LAKEPORT, Calif. – A man facing two murder charges for the deaths of a Maine couple early last year appeared for the first day of his preliminary hearing Tuesday, when the main witness was his co-defendant in the case, who took the stand to testify against him.

 

Robby Alan Beasley, 30, sat beside his attorney Stephen Carter during a day of testimony in which 28-year-old Elijah Bae McKay recounted the events that led to the January 2010 shooting deaths of Yvette and Frank Maddox of Maine, as well as the gruesome circumstances of their deaths on the side of Morgan Valley Road near Lower Lake.

 

Beasley and McKay are each charged with two counts of murder, along with special allegations of committing multiple murders in the first or second degree, committing the offenses with the intent to inflict great bodily injury on the victims and using a 9 millimeter firearm.

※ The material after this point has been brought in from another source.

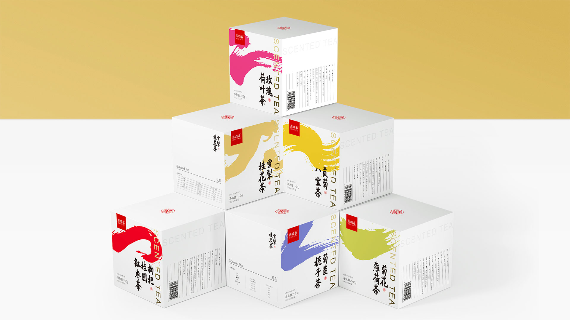 “BIRD NEST-燕喃春"以歷史文化為設(shè)計(jì)理念,圍繞“文化、時(shí)尚、女性、簡(jiǎn)潔”,傳遞”養(yǎng)生、歷史、年輕、休閑、便捷、品質(zhì)”等概念,于是便有了以“筆墨”為包裝圖形設(shè)計(jì)的基礎(chǔ)傳遞,筆畫(huà)的形態(tài),方與圓、尖與鈍、重與輕、快與慢、粗與細(xì)、等等,均出于用筆畫(huà)之具體形。筆墨揮灑出的無(wú)數(shù)種可能性拼配出了無(wú)數(shù)種茶味,又與時(shí)尚茶色相結(jié)合。將花茶歷史的濃厚筆墨與現(xiàn)代時(shí)尚明快的色彩聯(lián)結(jié),傳遞出的濃郁茶香和多層次的口感,讓消費(fèi)者記住每一款茶香。

Beasley also is alleged to have had a felony conviction in Maine for criminal threatening with a firearm.

 

McKay – clad, like Beasley, in a black and white jail jumpsuit – remained handcuffed throughout his nearly two hours on the witness stand, as Deputy District Attorney Art Grothe and Carter took turns questioning him.

 

Looking on from the gallery was his attorney, Richard Petersen of Ukiah. Peterson watched but didn't interject in any of the proceedings.

 

McKay stated during his testimony that he was not offered a deal in exchange for his testimony and only was receiving limited immunity for his statements.

 

He said he had decided to testify in recent weeks after investigators showed Petersen an arrest warrant for McKay's fiancee. McKay also was told that his young son would be taken away.

 

The story McKay shared with the court Tuesday was one set against the background of an old friendship with Beasley, with marijuana growing and the large amounts of money it brought leading to tensions and, allegedly, the deaths of the couple, who Beasley had invited to come west to work for him trimming marijuana.

 

However, Beasley later came to believe they had been responsible for stealing from him several pounds of marijuana, which McKay testified led to Beasley planning to kill them.

 

Before McKay took the stand later in the morning, Grothe called to the stand two witnesses, Elvin Sikes and Tyreshia Celestin-Willis. Grothe had filed a motion regarding his intent to put on both witnesses, who offered certain amounts of hearsay testimony, which normally is not allowed in the evidence code.

 

However, Grothe said a new law allows the use of hearsay against a subject who was attempting to make a witness unavailable. In this case, he suggested Beasley had done so by killing the Maddoxes, who had made statements about Beasley to Sikes and Celestin-Willis.

 

Grothe noted the information could be stricken, and Carter agreed to go forward with the testimony.

 

Sikes recalled allowing the couple to stay with him after Yvette Maddox came to him in early December 2009, crying because they had no place to stay. “They wanted to go back home so I told them they could stay there for a little bit, until they got the means to go back home.”

 

Yvette Maddox told Sikes about mailing “packages” back to Maine, and Frank Maddox mentioned his plans to take Beasley to the airport, which Sikes advised against. Sikes said Yvette Maddox told him that she had her husband go get “the stuff that was owed to them,” meaning marijuana, but he didn't take it to mean they were stealing.

 

After Sikes was off the stand, Carter withdrew his support of going forward with the use of the hearsay, saying it would result in a potentially large body of information that would have to be stricken.

 

Judge Richard Martin said he wanted to hear all of the evidence before deciding whether or not it should be considered.

 

Grothe then called to the stand Celestin-Willis, who got to know the Maddoxes in late 2009.

 

She recalled an extremely upset Yvette Maddox coming to her house and telling her that Beasley had stated, “You're in my town, I'll make you come up missing,” and that her husband didn't protect her. Shortly afterward, Frank Maddox drove up to Celestin-Willis' house and Yvette Maddox ran and hid in the closet while Celestin-Willis told Maddox that his wife was not there.

 

Celestin-Willis said she had seen the couple with as much as a pound of marijuana, and was aware they were trimming it, noting that marijuana wasn't her “scene.”

 

Old friendship, new trouble

 

McKay followed Celestin-Willis to the stand, offering the information that set the stage for the couple's arrival in Lake County.

 

He recounted meeting Beasley about 15 years ago while they were in grade school and remaining friends throughout the years.

 

About five years ago McKay came to California, getting into construction in San Jose before trading in his apartment to live in tent and grow marijuana in Mendocino County. He later made two trips to Maine to sell some of his marijuana.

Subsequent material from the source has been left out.